Not a drop of coffee until we arrive at the festival. That was the deal. Little did I know that I wouldn’t want another drop once I left the festival. Ever.

OK, the last bit is a bit of an exaggeration but once you get a taste of the best there is, you won’t want to go back to subordinate substances. Only the best will do. (So now I haven’t had coffee since. Only instant and that doesn’t count because everybody knows how bad it is.)

So you look beyond measuring every aspect of your ‘coffee construction’, slurping the sauce to unearth hidden flavours, and you target the very heart and soul of coffee – the coffee bean. 

I arrived looking for a £15 Hario pourover dripper. I left dreaming of a £15k roaster. I don’t want to settle for the finished product anymore. I want to source the origin. I want to produce the bean.

Coffee has been a part of my life for as long as I can remember.
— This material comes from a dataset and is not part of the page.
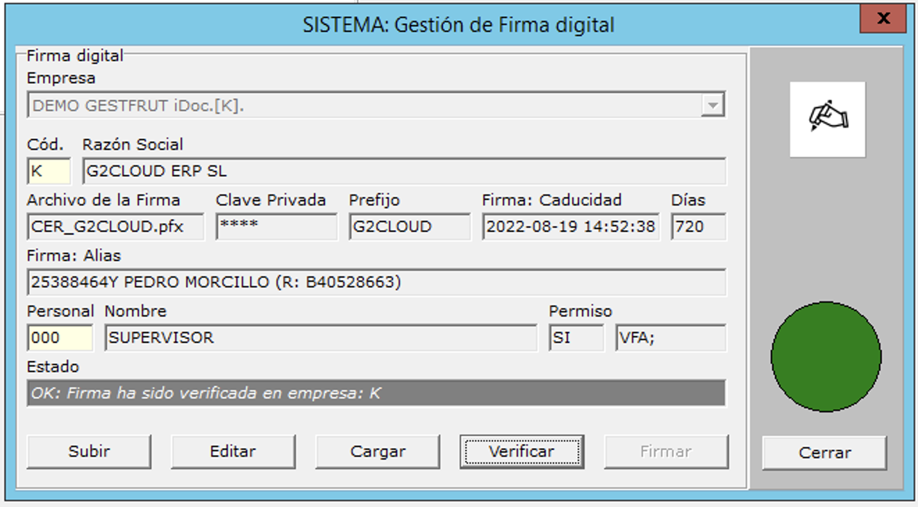 Usaremos el botón Subir para cargar en el GestFrut el archivo PFX y el botón Editar para indicar la contraseña y el prefijo de los documentos firmados. Si la clave es correcta se mostrara el alias y la fecha de caducidad del certificado. A partir de ese momento estará disponible para ser usado por los usuarios autorizados en la firma de cualquier tipo de documento PDF.

I remember my parents’ old coffee machine, quietly sputtering and groaning with the growing day. The smell of coffee drifted through the house. I loved it. 
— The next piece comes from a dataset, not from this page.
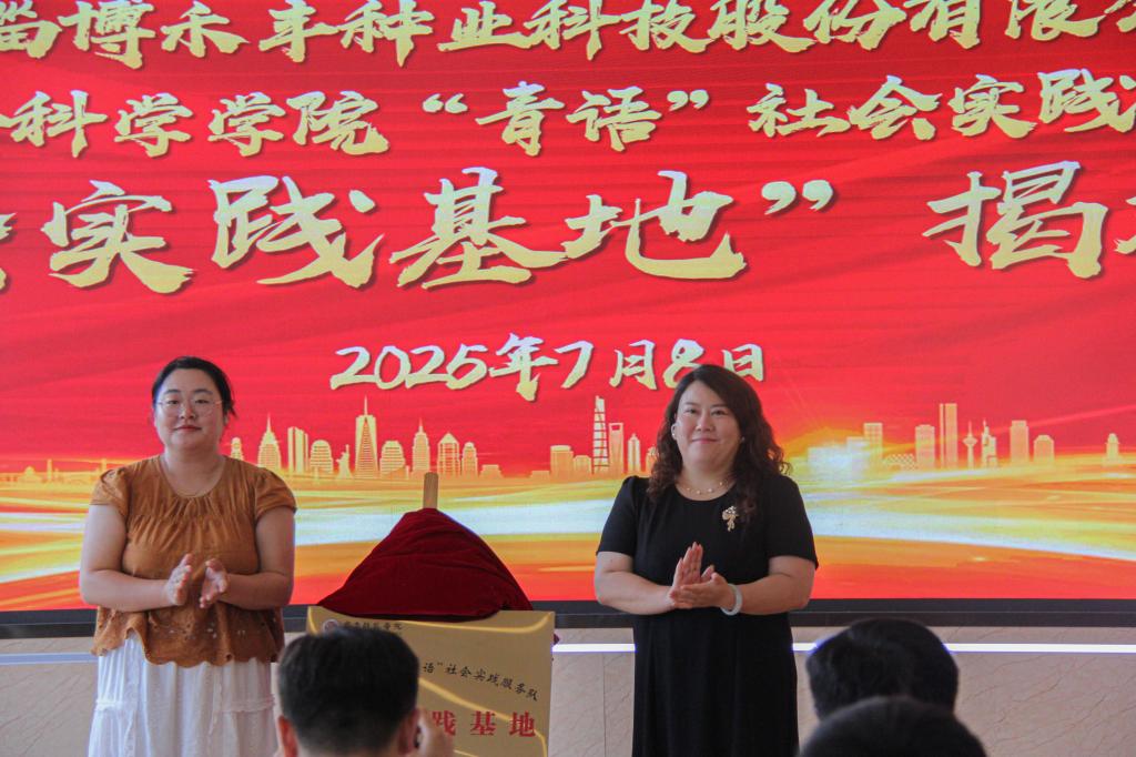 為深入學習貫徹黨的二十大關于鄉村振興的戰略部署,激勵青年學子培育為農情懷,提升助農本領,7月6日,齊魯師范學院生命科學學院“青語”社會實踐服務隊在指導老師黃玫的帶領下,赴淄博市臨淄區朱臺鎮開啟了科技助農社會實踐活動。其間,淄博市臨淄區團委副書記宋炳舒、農業局副局長朱建軍、人社局黨組成員、副局長徐文濤、朱臺鎮黨委副書記楊洋赴駐地看望社會實踐服務隊隊員,并與學院黨委書記張海龍、院長崔大勇、黨委副書記萬麗麗在淄博禾豐種業科技股份有限公司舉辦了大學生社會實踐基地揭牌儀式。淄博禾豐種業科技股份有限公司董事長朱俊科參加了儀式。

I grew up with people consuming it and then moved to where people grew it. The German efficiency fuelled by caffeine. The Panamanian coffee industry fuelled by poverty. Just the way things go, I suppose. 

Now I want to find a way to merge the two and I have the London Coffee Festival to thank (to blame? – Ed). Union Roasted gave a fascinating presentation on how to roast, Square Mile Coffee showed you how distinct three different filter coffees can taste, Wakefield let me sip, spill and spit coffee while trying to teach me the essential skill that is cupping. Caravan Coffee Roasters made a flat white so good I haven’t had one since for fear of being disappointed. 

There was so much stuff I would have liked to buy. The Rocket Espresso coffee machine, the Rancilio Silvia, the Eureka Mignon … If I were a rich man I’d be poor by now. 

The Coffee Masters isn’t even worth talking about. Where do these aliens come from? How can they do what they do? (Note to self: If I don’t become a roaster I’ll have to settle for becoming a barista.)

The festival was amazing. It has something for everyone and then a bit more. You arrive hoping you’ll taste the best coffee ever (you will) and you leave dreaming of roasting the finest coffee ever (you probably won’t). Go along next year and see for yourself. I’ll be there, drinking a flat white.